▶ **Given data**
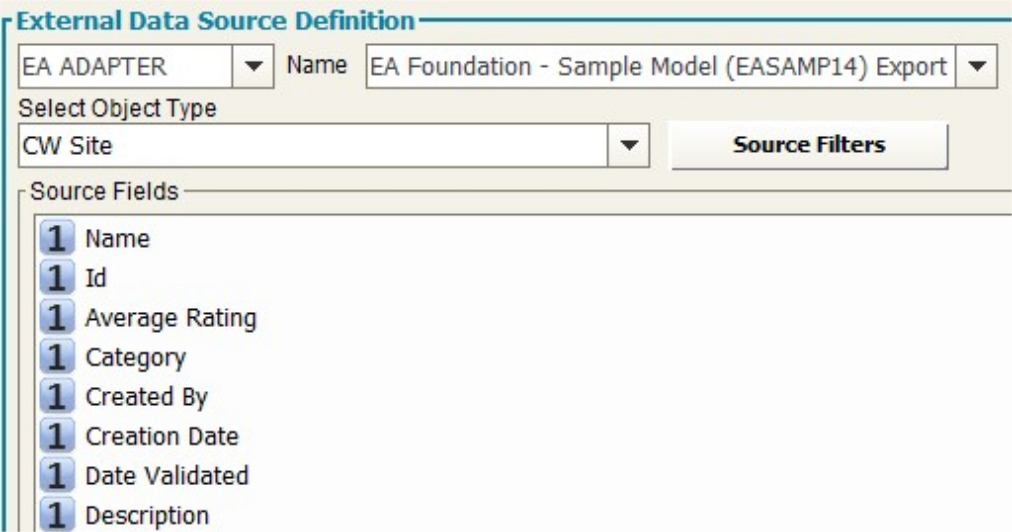4. Add a second source EA Adapter and select the export adapter related to your source model: select CW View as object type and filter the following properties/associations:
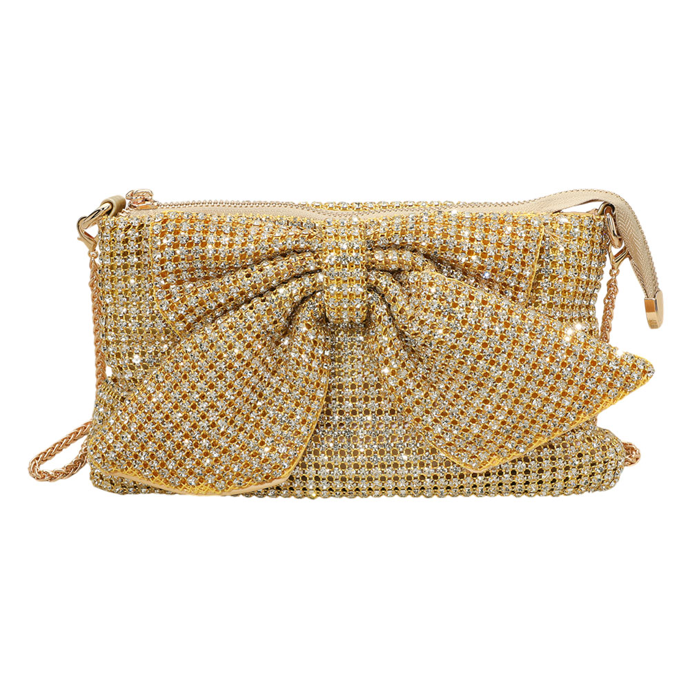 Mesh Bling Rhinestone Bow Accent Evening Clutch Bag / Crossbody Bag
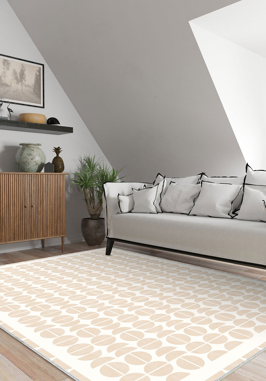 - Modern geometric design in soft cream hues
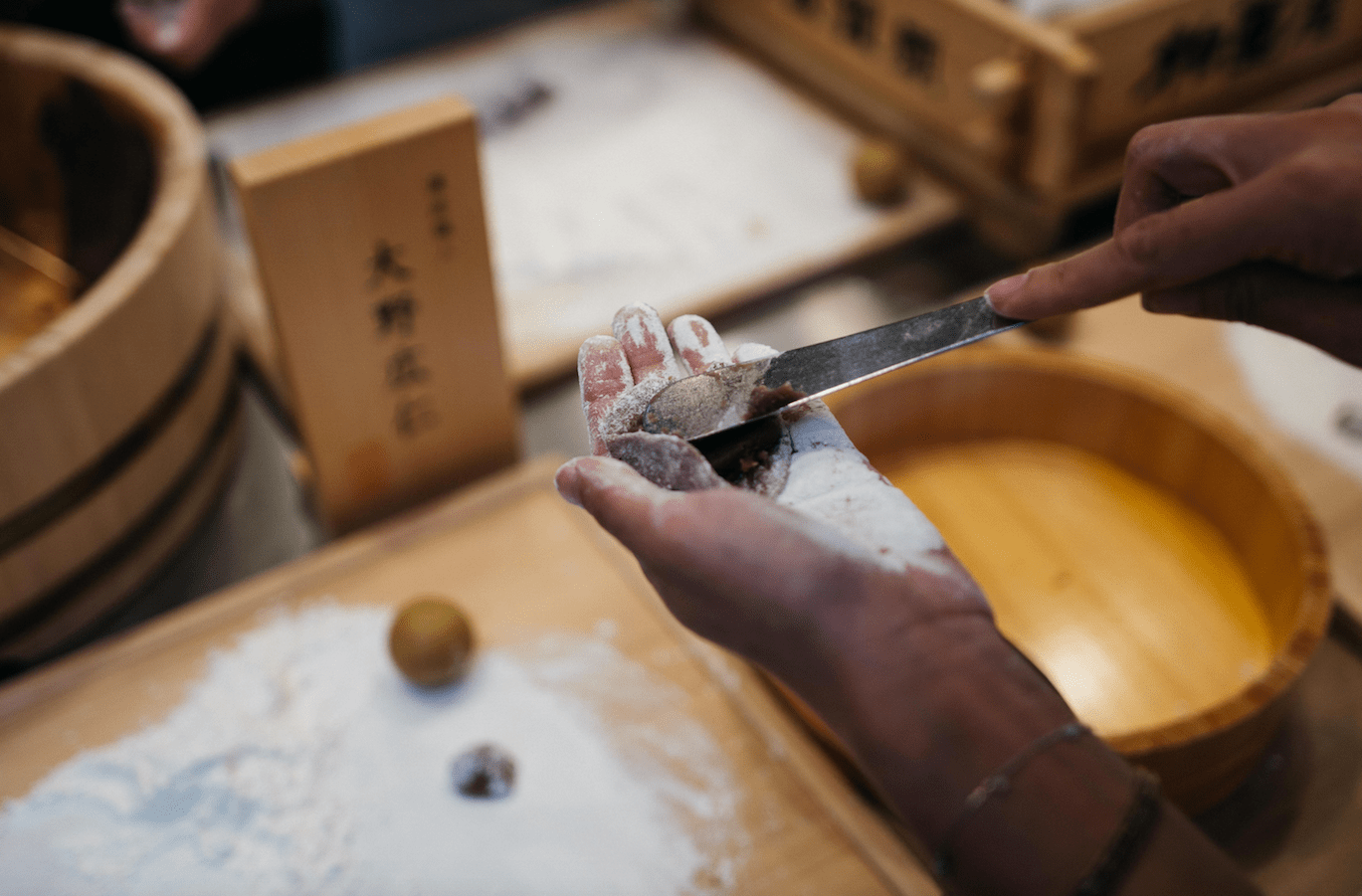 Though we almost had to roll out of the door from there, we weren’t done eating yet. At Kaisei Kashiwaya (1-13-5 Asahi, Koriyama, Fukushima Prefecture, 024-922-5533) we were in for a real treat: making and eating usukawa manju. Fukushima Prefecture is famed for its manju, which has a thin, delicate sugar coating and is considered one of the three great manju in Japan. Ready for a challenge, we rolled up our sleeves and got stuck in with the expert guidance of manju maker Koji Ono, who reportedly can make 20 manju in seven minutes.
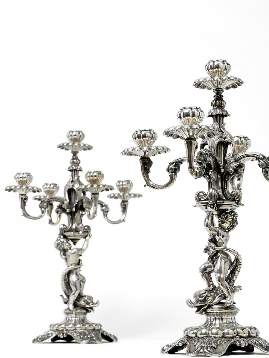 Leuchterarme aus C-Schwüngen gebildet. Ca. 4030 g bzw. 3940 g. Höhe 52 cm.
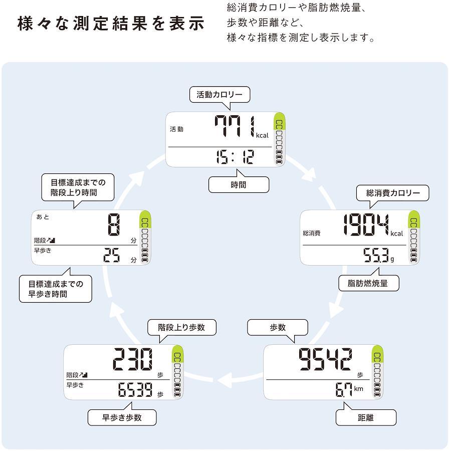 :●毎日の行動がエクササイズに。●階段上りは、カロリー消費に効果あり。階段や早歩きの消費カロリーも、しっかりチェック!●【目標達成インジケータ】1日の目標活動カロリーに対する達成度がひと目でわかるので、モチベーションをあげて毎日の運動に取り組めます。●【様々な測定結果を表示】総消費カロリーや脂肪燃焼量、歩行や距離など、様々な指標を測定し表示します。
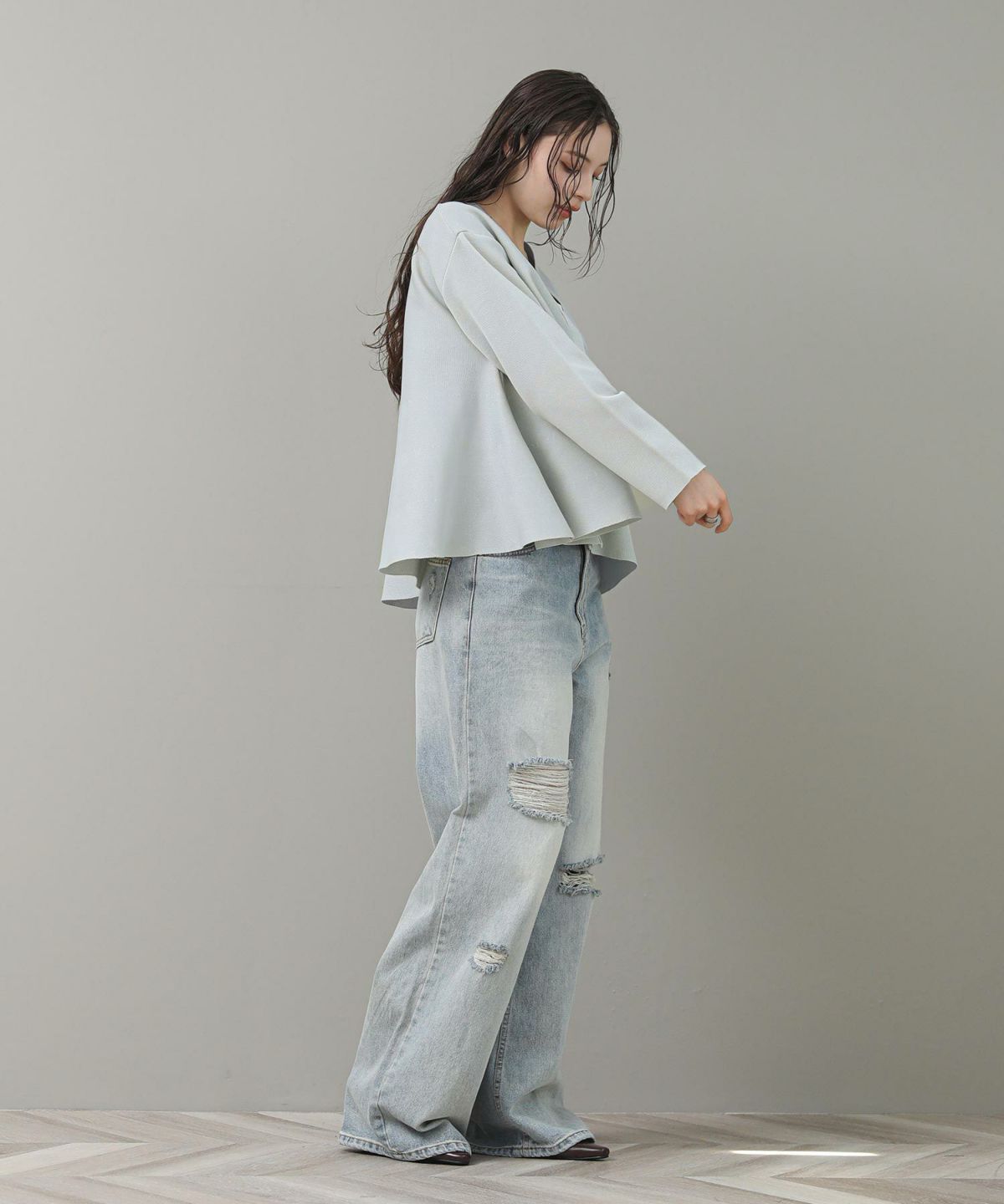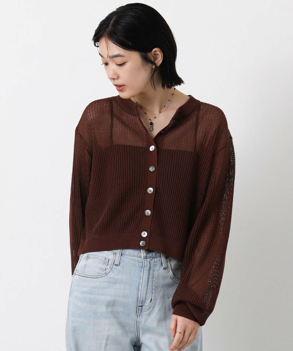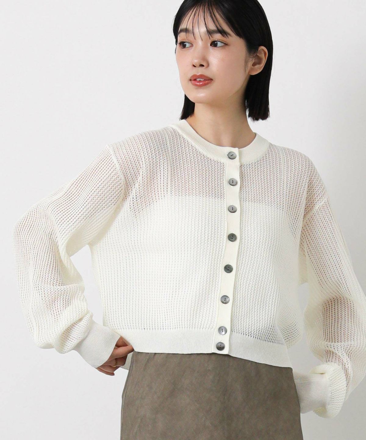 メッシュクルーパフカーディガン
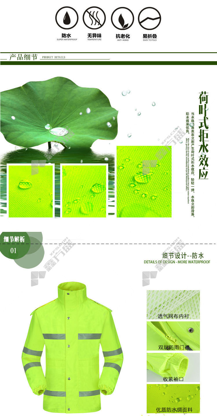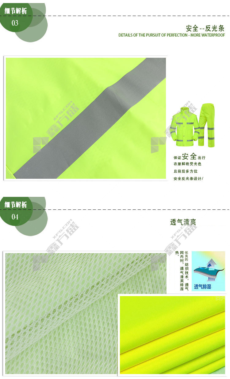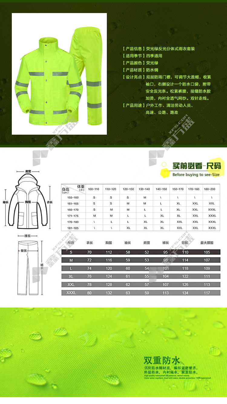 moufu 8029 split reflective raincoat suit YGJ01 3XL code fluorescent orange YGJ01/M code /fluorescent orange
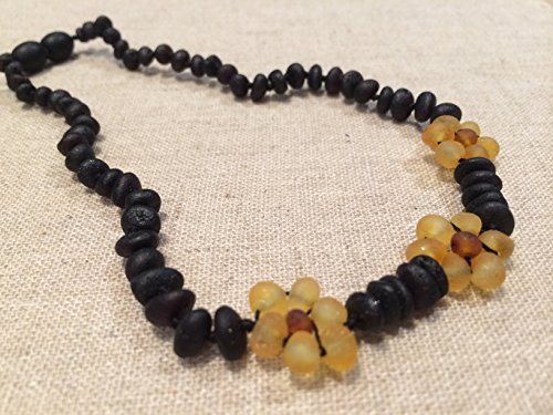 Baltic Amber 12.5 Inch Teething Necklace for Babies (Unisex) (Cherry Black Red Yellow Cognac Brown Lemon) Raw Unpolished - Baby, Infant, and Toddlers will all benefit. Anti Flammatory, Drooling & Teething Pain Reduce Properties - Natural Certificated Oval Baroque Round Baltic Jewelry with the Highest Quality Guaranteed. Easy to Fastens with a Twist-in Screw Clasp Mothers Approved Remedies! (Raw Cherry Flower) [並行輸入品]

▶ **Your assignment**
Here the records must be restated exactly, minus any images.

▶ **Answer to this task**
4. Add a second source EA Adapter and select the export adapter related to your source model: select CW View as object type and filter the following properties/associations:
 Mesh Bling Rhinestone Bow Accent Evening Clutch Bag / Crossbody Bag
 - Modern geometric design in soft cream hues
 Though we almost had to roll out of the door from there, we weren’t done eating yet. At Kaisei Kashiwaya (1-13-5 Asahi, Koriyama, Fukushima Prefecture, 024-922-5533) we were in for a real treat: making and eating usukawa manju. Fukushima Prefecture is famed for its manju, which has a thin, delicate sugar coating and is considered one of the three great manju in Japan. Ready for a challenge, we rolled up our sleeves and got stuck in with the expert guidance of manju maker Koji Ono, who reportedly can make 20 manju in seven minutes.
 Leuchterarme aus C-Schwüngen gebildet. Ca. 4030 g bzw. 3940 g. Höhe 52 cm.
 :●毎日の行動がエクササイズに。●階段上りは、カロリー消費に効果あり。階段や早歩きの消費カロリーも、しっかりチェック!●【目標達成インジケータ】1日の目標活動カロリーに対する達成度がひと目でわかるので、モチベーションをあげて毎日の運動に取り組めます。●【様々な測定結果を表示】総消費カロリーや脂肪燃焼量、歩行や距離など、様々な指標を測定し表示します。
 メッシュクルーパフカーディガン
 moufu 8029 split reflective raincoat suit YGJ01 3XL code fluorescent orange YGJ01/M code /fluorescent orange
 Baltic Amber 12.5 Inch Teething Necklace for Babies (Unisex) (Cherry Black Red Yellow Cognac Brown Lemon) Raw Unpolished - Baby, Infant, and Toddlers will all benefit. Anti Flammatory, Drooling & Teething Pain Reduce Properties - Natural Certificated Oval Baroque Round Baltic Jewelry with the Highest Quality Guaranteed. Easy to Fastens with a Twist-in Screw Clasp Mothers Approved Remedies! (Raw Cherry Flower) [並行輸入品]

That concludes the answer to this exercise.